MCCAIN: I totally understand it.
GIBSON: Hurt your campaign?
MCCAIN: I don't know, Charlie. I think by offering wise solutions and providing mature leadership that it'll redound in my behalf. Look, in my favor. But this is a tough campaign. I'm the underdog. I've always been the underdog from the beginning. I was the underdog in the primaries.
I can remember when you and I were in a debate and I was down at the end. And you were down at the end by precedence of how people thought you were standing. So we're going to be OK. And we're going to be fine.
GIBSON: But you were sort of humming along there in the polls for a while, and then this issue sort of pervaded everything. And it's not, it seems to have coincided with the drop.
MCCAIN: I'm not going to complain about the hand I'm dealt, my friend. We're coming up with solutions. We're trying to give the vision and leadership for the American people. And I'll accept their judgment.
GIBSON: Why then in recent days have you focused so in what you've had to say on Sen. Obama's character, talked about the fact that we don't know him, that he's come out of nowhere, that he's not an open book, etc.
MCCAIN: Well, I'm not sure that's character. What I think it is, is does he have the experience and the knowledge and judgment and has he made the right decisions and has he told — been candid with the American people. I think that's important.
They certainly know me.
GIBSON: You don't think he's been thoroughly vetted, having gone through all the primaries and all the campaigning, running for president as long as you have? Two years?
MCCAIN: No, actually I don't. In fact, Sen. Clinton in their debates said that the American people didn't know enough about him, including his relationship with Mr. [William] Ayers. That's what she said. And I agree with that. He said he was a guy in the neighborhood. We know that's not true. He said — he wrote down a piece of paper that he would take public financing for his presidential campaign if I would. He betrayed the trust of the American people there.
He looked in the camera twice during the debate with Sen. Clinton and said, "I will sit down and negotiate with John McCain before I decide to forgo public financing for my campaign." He never called me.
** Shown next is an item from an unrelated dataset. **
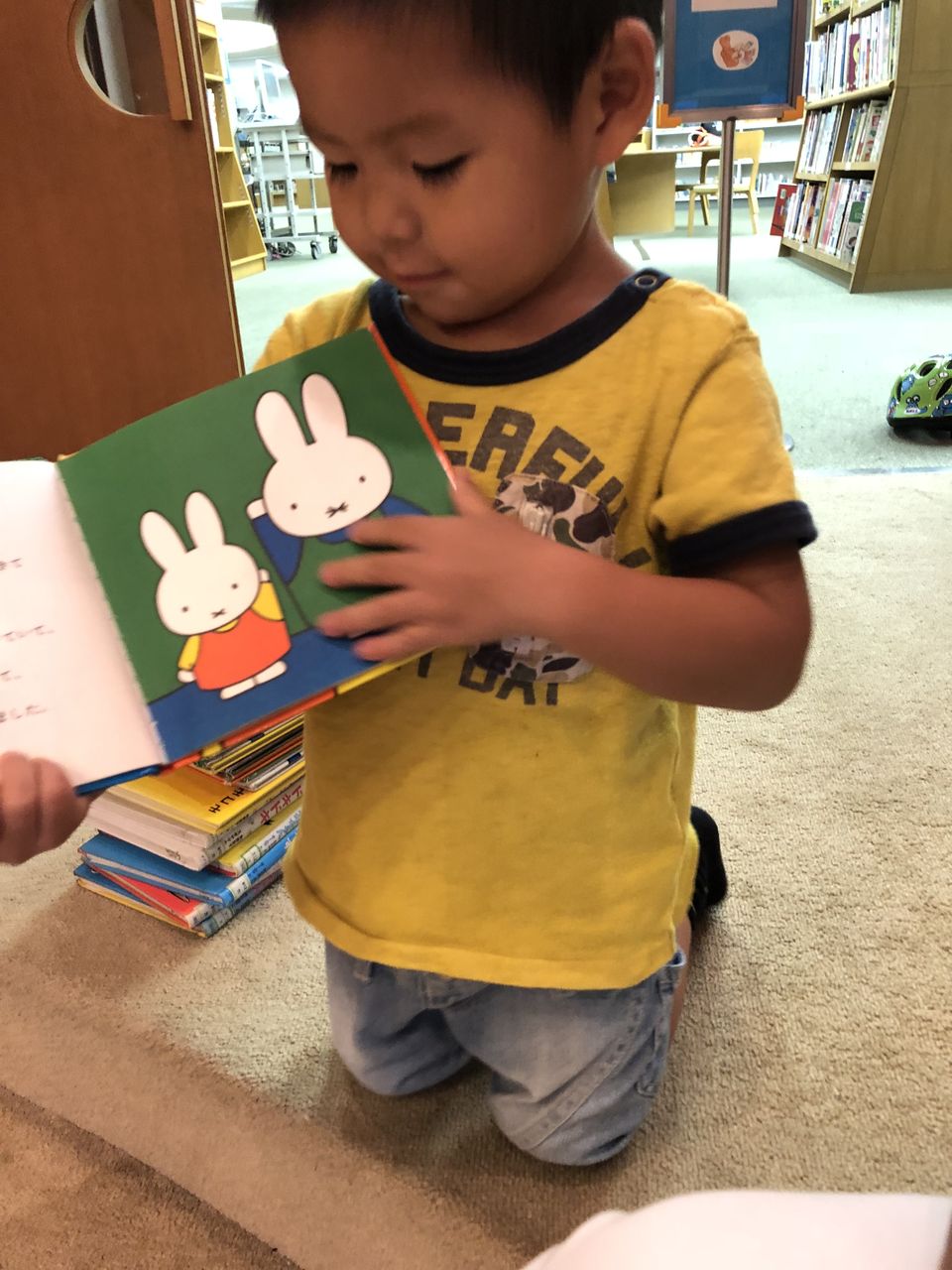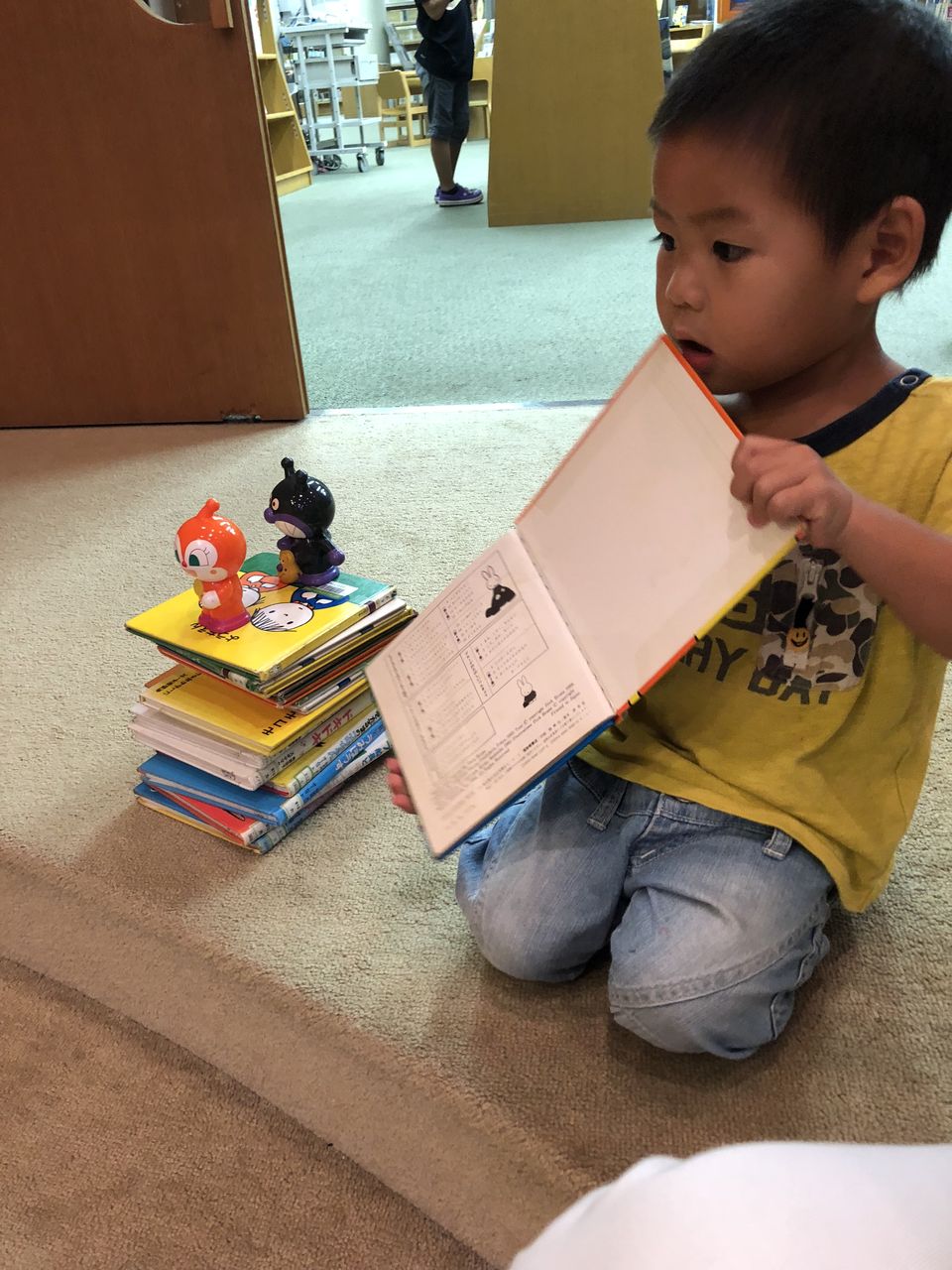 図書館に着いたら早速、大量の絵本たちを前に、超大興奮で集めだして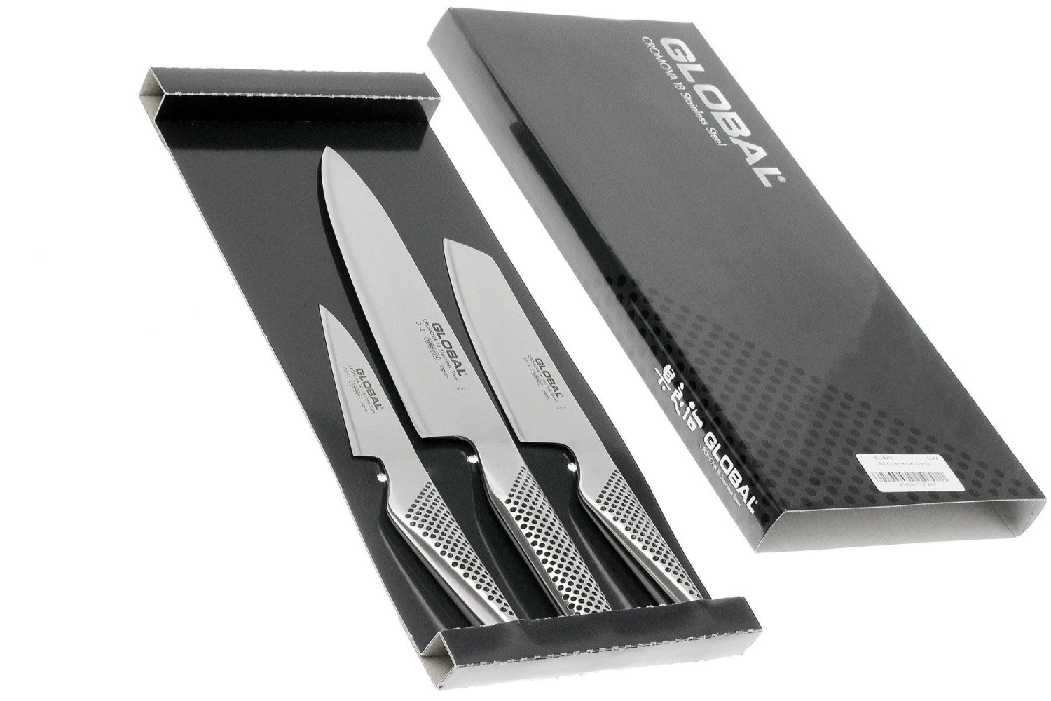 Dieses dreiteilige Global Messerset besteht aus einem G-2 Kochmesser, einem GS-5 Nakiri und einem GS-7 Schälmesser. Alle japanischen Messer sind aus hochwertigem, rostfreiem Cromova 18-Stahl gefertigt. Sie sind nicht nur sehr scharf, sondern dank des hohen Chromgehalts auch sehr verschleißfest, korrosionsbeständig und leicht zu schleifen.

He looked in the camera and told the American people something that was patently false. He told the American people about his relationship with Mr. Ayers, that he was a guy in the neighborhood.
He wasn't a guy in the neighborhood. He launched his political career in his living room, in Mr. Ayers' living room. And I don't care about two washed-up old terrorists that are unrepentant about trying to destroy America. But I do care, and Americans should care, about his relationship with him and whether he's being truthful and candid about it.
GIBSON: Do you think his character or lack of candor disqualifies him to be president of the United States?
MCCAIN: I'll leave that up to the American people. But I have every right to insist that he be candid and truthful with the American people. And he needs to be asked about it, and he needs to be forthcoming.
GIBSON: You didn't raise that, this argument, this argument, or line of argument, at the debate the other night. And I asked Sen. Obama about that yesterday. He said yeah, I'm surprised that John didn't say that to my face.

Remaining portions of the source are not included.